Task details: Exact reproduction of the data is required, with images excluded.

Data records:
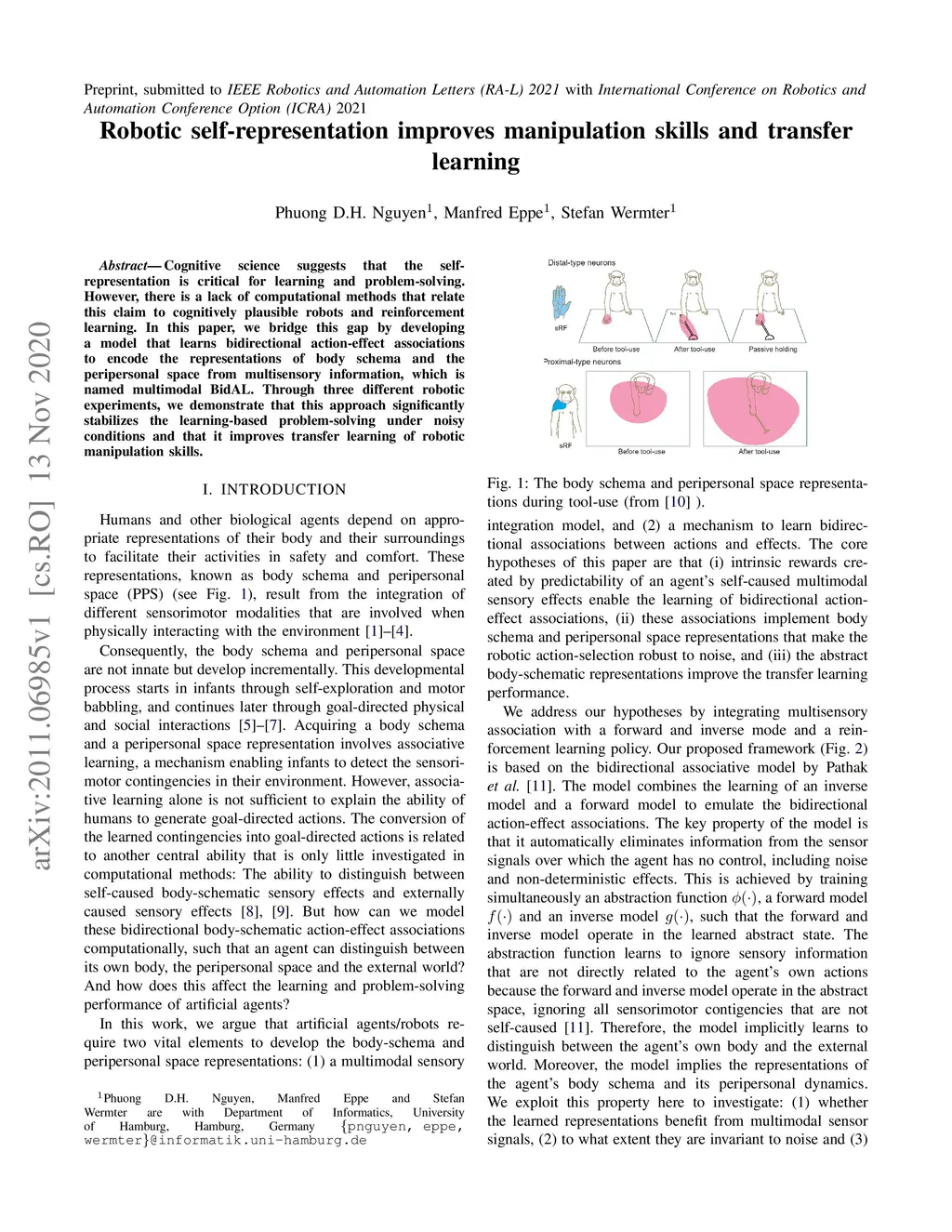 Cognitive science suggests that the self-representation is critical for learning and problem-solving. However, there is a lack of computational methods that relate this claim to cognitively plausible robots and reinforcement learning. In this paper, we bridge this gap by developing a model that learns bidirectional action-effect associations to encode the representations of body schema and the peripersonal space from multisensory information, which is named multimodal BidAL. Through three different robotic experiments, we demonstrate that this approach significantly stabilizes the learning-based problem-solving under noisy conditions and that it improves transfer learning of robotic manipulation skills.
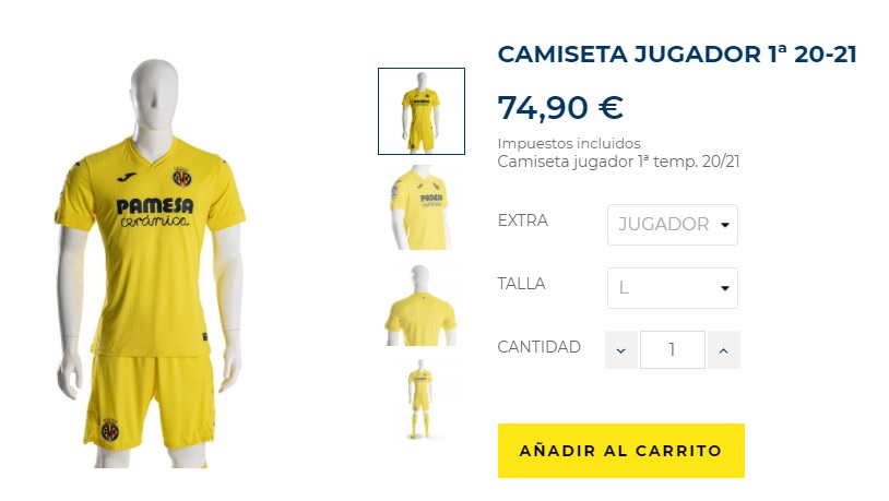 La camiseta 'más económica' de Primera División es la del submarino amarillo. La camiseta cuesta 54€ que pueden llegar 69€ con la seriegrafía
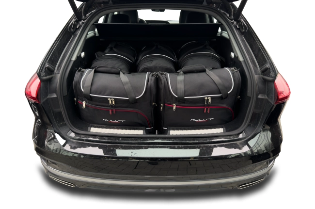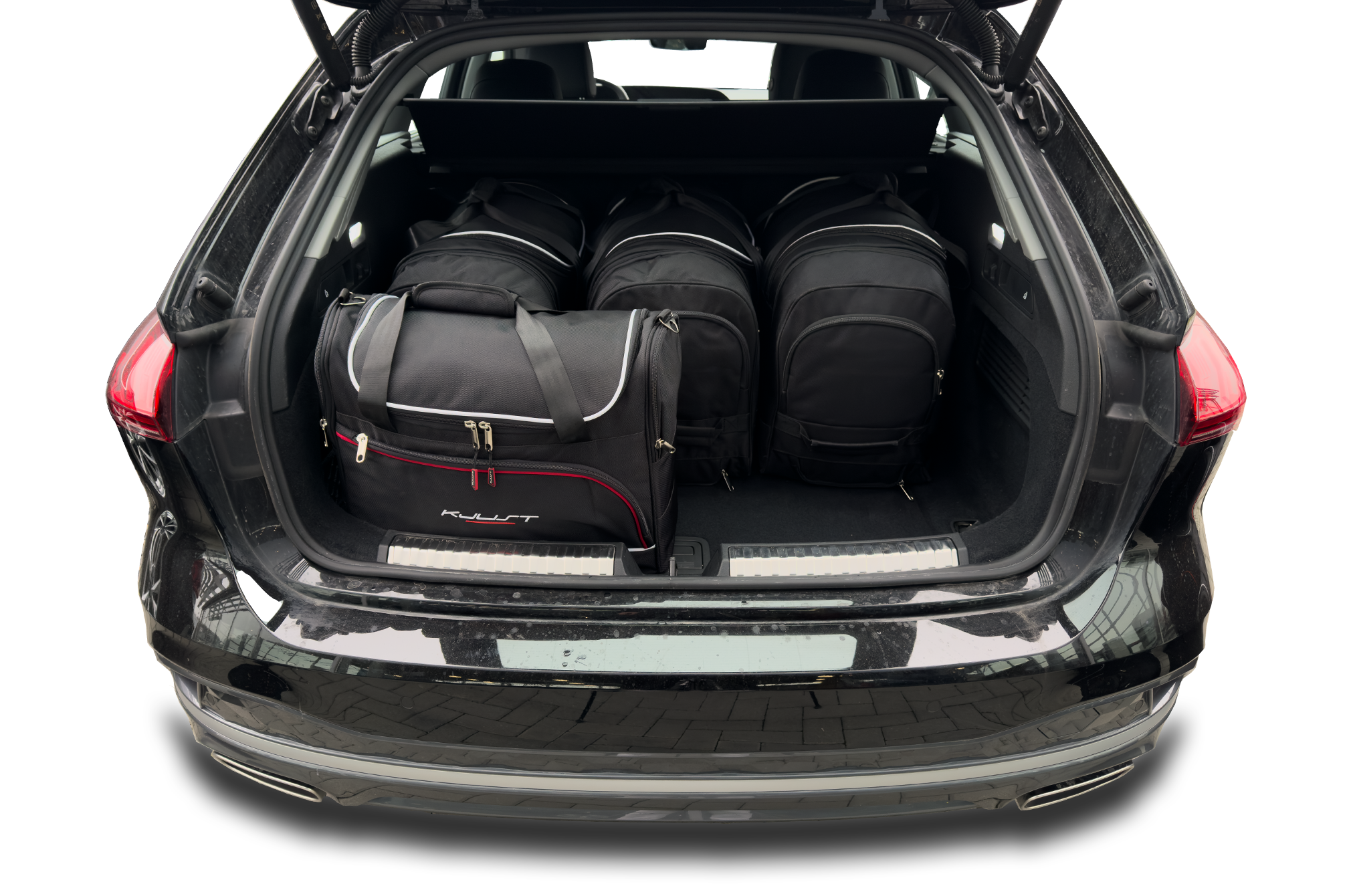 Les sacs remplissent chaque centimètre carré du coffre grâce à leurs côtés inclinés qui correspondent à l'inclinaison des sièges arrière. C'est une caractéristique unique des sacs KJUST.
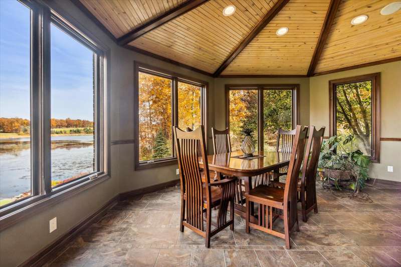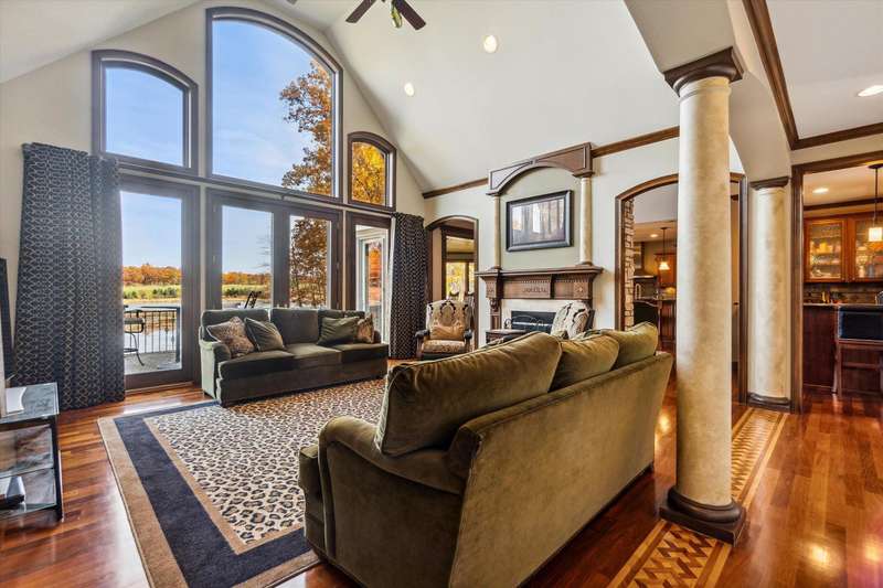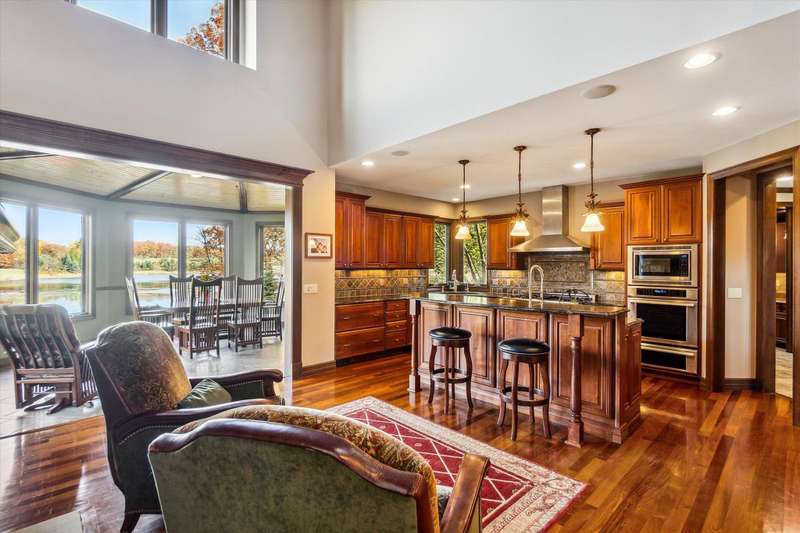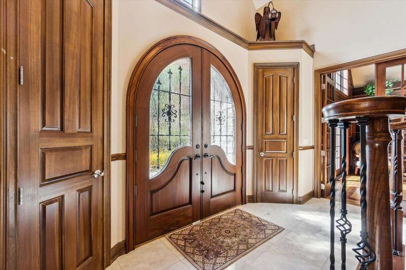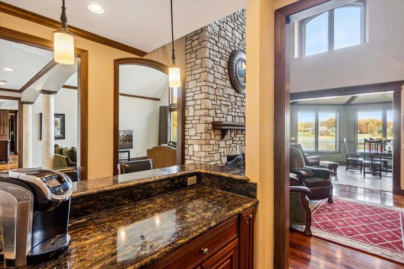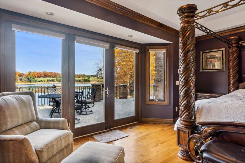 Private Lakefront Luxury on 14 Acres | Resort-Style Living with Every Amenity? Step into a world of refined lakefront living with this extraordinary 14-acre Country French estate—a true sanctuary of luxury, seclusion, and unforgettable memories. Tucked behind a private gated drive with a freshly sealed driveway, this custom brick-and-stone masterpiece offers over 7,000 square feet of exquisite craftsmanship designed for both relaxation and grand entertaining. Inside, discover a chef’s dream kitchen featuring granite countertops, Brazilian cherry floors, a wet bar, 3 Thermador ovens, and a 6-burner stove. The main-floor primary suite is pure indulgence with heated floors, a hydro jet tub, and a custom walk-in closet. The two-story hearth room stuns with a dual-sided fireplace and flows into a four-season sunroom offering panoramic lake views and heated floors. A dedicated home office with a fireplace and private entrance makes working from home serene and seamless. The finished walkout lower level is built for entertaining—complete with a full bar, home theater, game room, cedar sauna, and 1.5 baths with a 6th non-conf BR ready to finish. Outdoors, enjoy your private paradise: a heated saltwater pool and spa with a cabana, a lakeside gazebo with a custom stone fireplace, electricity, bar fridge, and plenty of storage for outdoor entertaining. The kids' imagination will take them anywhere in their storybook cedar loft playhouse, complete with electricity, a fireplace, and an intercom system. Your private lake is ideal for swimming, fishing, and kayaking. A whole-house generator adds peace of mind, while an additional heated detached garage offers flexible storage or workshop space with a loft. Whether you're seeking a year-round retreat, multigenerational homestead, or a luxury family compound, this rare estate has it all—privacy, elegance, and adventure, all on one pristine waterfront setting. Now including the 8.81 adjoining acres.
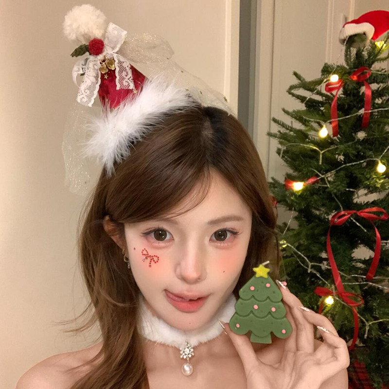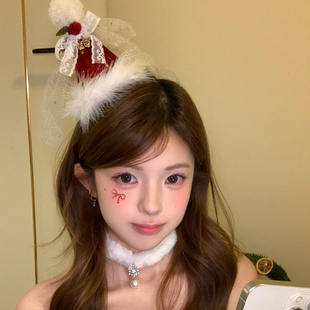 圣诞节红色圣诞帽子女冬季 氛围感蝴蝶结铃铛毛球头饰发饰毛绒帽
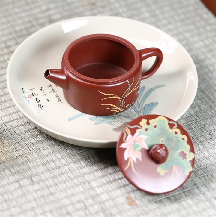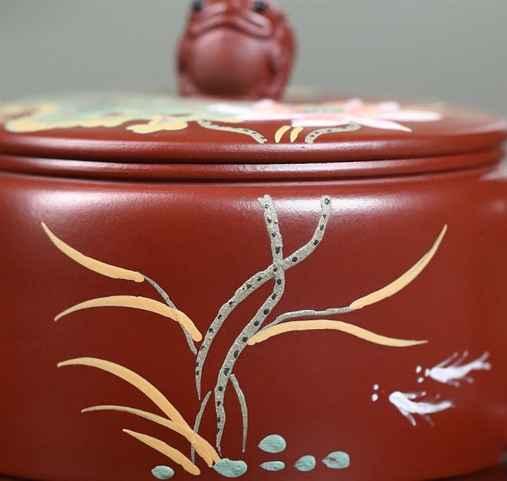 紫泥泥繪六方宮燈紫砂壺POT5042
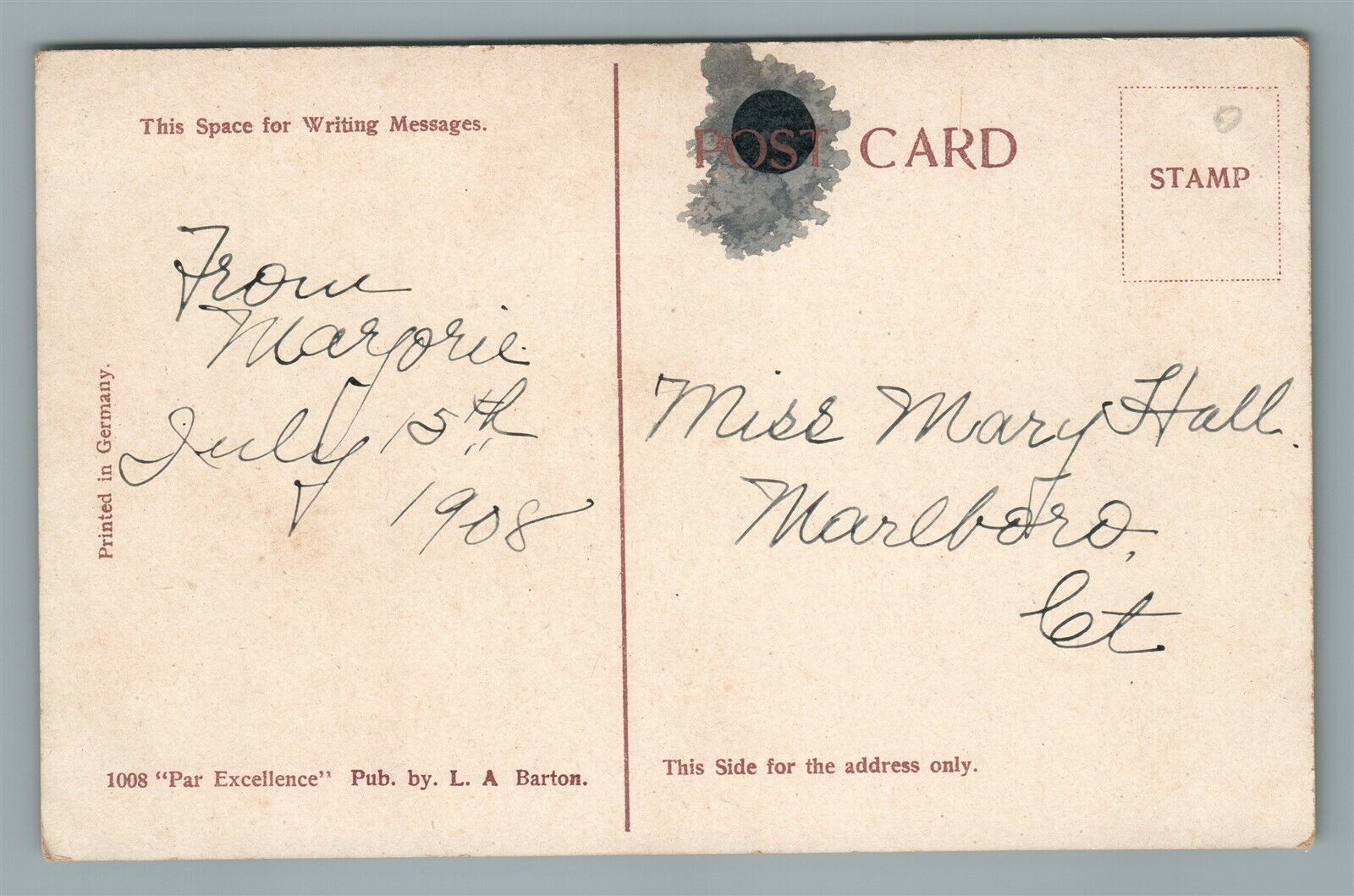 EAST HAMPTON CT CHURCH GREEN FROM BARTON'S DRUG STORE ANTIQUE POSTCARD

Exercise answer:
 Cognitive science suggests that the self-representation is critical for learning and problem-solving. However, there is a lack of computational methods that relate this claim to cognitively plausible robots and reinforcement learning. In this paper, we bridge this gap by developing a model that learns bidirectional action-effect associations to encode the representations of body schema and the peripersonal space from multisensory information, which is named multimodal BidAL. Through three different robotic experiments, we demonstrate that this approach significantly stabilizes the learning-based problem-solving under noisy conditions and that it improves transfer learning of robotic manipulation skills.
 La camiseta 'más económica' de Primera División es la del submarino amarillo. La camiseta cuesta 54€ que pueden llegar 69€ con la seriegrafía
 Les sacs remplissent chaque centimètre carré du coffre grâce à leurs côtés inclinés qui correspondent à l'inclinaison des sièges arrière. C'est une caractéristique unique des sacs KJUST.
 Private Lakefront Luxury on 14 Acres | Resort-Style Living with Every Amenity? Step into a world of refined lakefront living with this extraordinary 14-acre Country French estate—a true sanctuary of luxury, seclusion, and unforgettable memories. Tucked behind a private gated drive with a freshly sealed driveway, this custom brick-and-stone masterpiece offers over 7,000 square feet of exquisite craftsmanship designed for both relaxation and grand entertaining. Inside, discover a chef’s dream kitchen featuring granite countertops, Brazilian cherry floors, a wet bar, 3 Thermador ovens, and a 6-burner stove. The main-floor primary suite is pure indulgence with heated floors, a hydro jet tub, and a custom walk-in closet. The two-story hearth room stuns with a dual-sided fireplace and flows into a four-season sunroom offering panoramic lake views and heated floors. A dedicated home office with a fireplace and private entrance makes working from home serene and seamless. The finished walkout lower level is built for entertaining—complete with a full bar, home theater, game room, cedar sauna, and 1.5 baths with a 6th non-conf BR ready to finish. Outdoors, enjoy your private paradise: a heated saltwater pool and spa with a cabana, a lakeside gazebo with a custom stone fireplace, electricity, bar fridge, and plenty of storage for outdoor entertaining. The kids' imagination will take them anywhere in their storybook cedar loft playhouse, complete with electricity, a fireplace, and an intercom system. Your private lake is ideal for swimming, fishing, and kayaking. A whole-house generator adds peace of mind, while an additional heated detached garage offers flexible storage or workshop space with a loft. Whether you're seeking a year-round retreat, multigenerational homestead, or a luxury family compound, this rare estate has it all—privacy, elegance, and adventure, all on one pristine waterfront setting. Now including the 8.81 adjoining acres.
 圣诞节红色圣诞帽子女冬季 氛围感蝴蝶结铃铛毛球头饰发饰毛绒帽
 紫泥泥繪六方宮燈紫砂壺POT5042
 EAST HAMPTON CT CHURCH GREEN FROM BARTON'S DRUG STORE ANTIQUE POSTCARD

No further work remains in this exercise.